Common serial communication Protocols

1.UART

UART is a universal asynchronous transceiver, using RXD and TXD two cable to achieve asynchronous full-duplex communication, in order to ensure reliable communication, can be connected on both sides of the communication, so the complete UART communication requires a minimum of 3 lines.

RXD is the transmission of data lines, TXD is to receive data lines, communication between the two sides using cross-interconnect, rxd to each other txd,txd pick up each other rxd. The UART uses a standard Ttl/cmos level (0~5v,0~3.3v,0~2.5v,0~1.8v) to represent the data, a high level of 1, and a low level of 0. To enhance the anti-jamming capability and increase the transmission length, the Ttl/cmos level can be converted to the RS232 level logic level. 3~12V indicates that 0,-3~-12V represents 1 (RS232 is negative logic)

1) UART usually in idle state, logic 1 state.

2) When there is data sent, first send the starting bit, will be txd low and maintain 1-bit time, the receiver detects the starting bit falling edge, waiting for 1.5 bit after the start of a test data.

3) Send data, the UART data frame can be 5,6,7,8 bits, etc., is generally 8bit, a byte. Data send is sent low, then sent, until the highest bit.

4) 0 or 1bit check digit can be used, check digit can be odd or even test. Odd check: The number of 1 in the data plus check bit is odd; parity: The number of 1 in the data plus check bit is even.

5) Finally the stop bit, the data line reverts to the idle state, the stop bit can be the 1,1.5,2 bit.

1-bit time is determined by the baud rate, in the UART communication, the baud rate (the number of symbols transmitted in a second) is equal to the bit rate (the number of characters transmitted in a second), the communication parties using the agreed baud rate of communication, the common baud rate has 4800,9600,115200 and so on.

2.i2c

Unlike the UART, I²c is a synchronous half-duplex communication protocol. I²c uses SCL,SDA two bidirectional data cable for communication, while the open-drain output is required to support line and logic, using the pull-up resistor Pull-up resistor size common 1.8k,4.7k,10k, in low-speed situations, in order to reduce power consumption, you can use the 10K pull-up resistor, 1.8K pull-up resistor with the best performance, to meet the high-speed applications. Common communication rates are normal: 100K, fast: 400K, High speed: 3.4M. The maximum number of slave machines is limited by the slave address and the maximum bus capacitance of 400pF capacitance. The data frame format for I²c is as follows:

Start bit | 7bit Slave Address | 1bit read/write direction bit (0 write, 1 read) | 1bit Response | 8bit Data 1 | 1bit Answer 1| ...  | 8bit Data n |1bit non-response n | Stop bit.

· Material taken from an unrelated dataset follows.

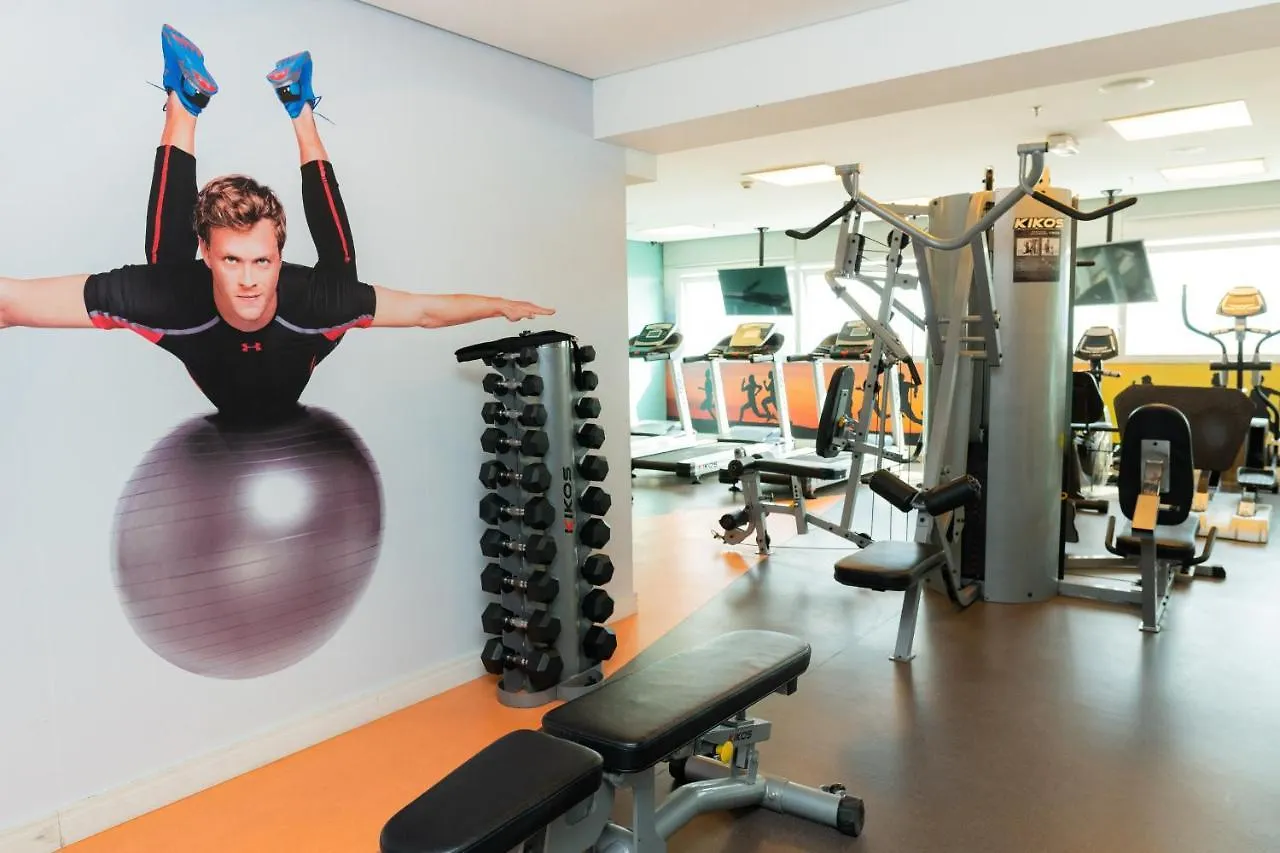 Tem centro de fitness com uma grande variedade de esportes.

Idle state: When idle, the SCL,SDA is at high level. At this point, the output FET of each device is in the cutoff state, releasing the bus, the bus signal from the pull-up resistor up to high level.

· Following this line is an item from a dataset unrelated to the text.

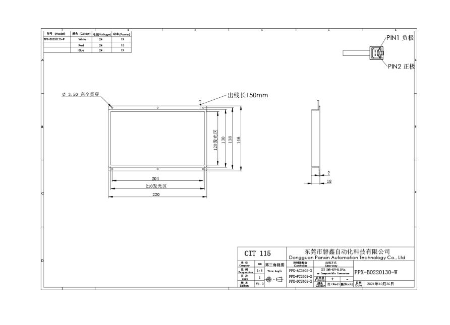 PPX 磐鑫 PPX-BO220130 底部背光源 应用范围 五金 塑胶零件尺寸测量/有无筛选/透明膜 污点破损检测/液晶屏定位测量 产品特点 采用贴片灯珠高密度均匀排列 均匀发光 底部满布灯珠 亮度高 采用进口漫射板 保证最高发光均匀度 光源电源线采用定制设计的出线卡扣 提高光源抗拉扯 耐摇摆性能10倍以上 技术指标 手机/微信:13682357734 电话:0755-84690029 QQ: 2844337877 邮箱:2844337877@qq.com...

When the START:SCL starts to high, SDA has a falling edge.

Data transfer: The data transfer is in bytes, the first byte represents the slave address + read/write direction, and subsequent data formats are defined by the device itself. In data transmission, SDA can only change at the SCL low level, and the data is sampled on the SCL rising edge.

Answer: After each byte is sent, the receiver must reply to the signal ACK, but after sending the last byte, return the non-response signal nack.

When the stop STOP:SCL is high, SDA has a rising edge.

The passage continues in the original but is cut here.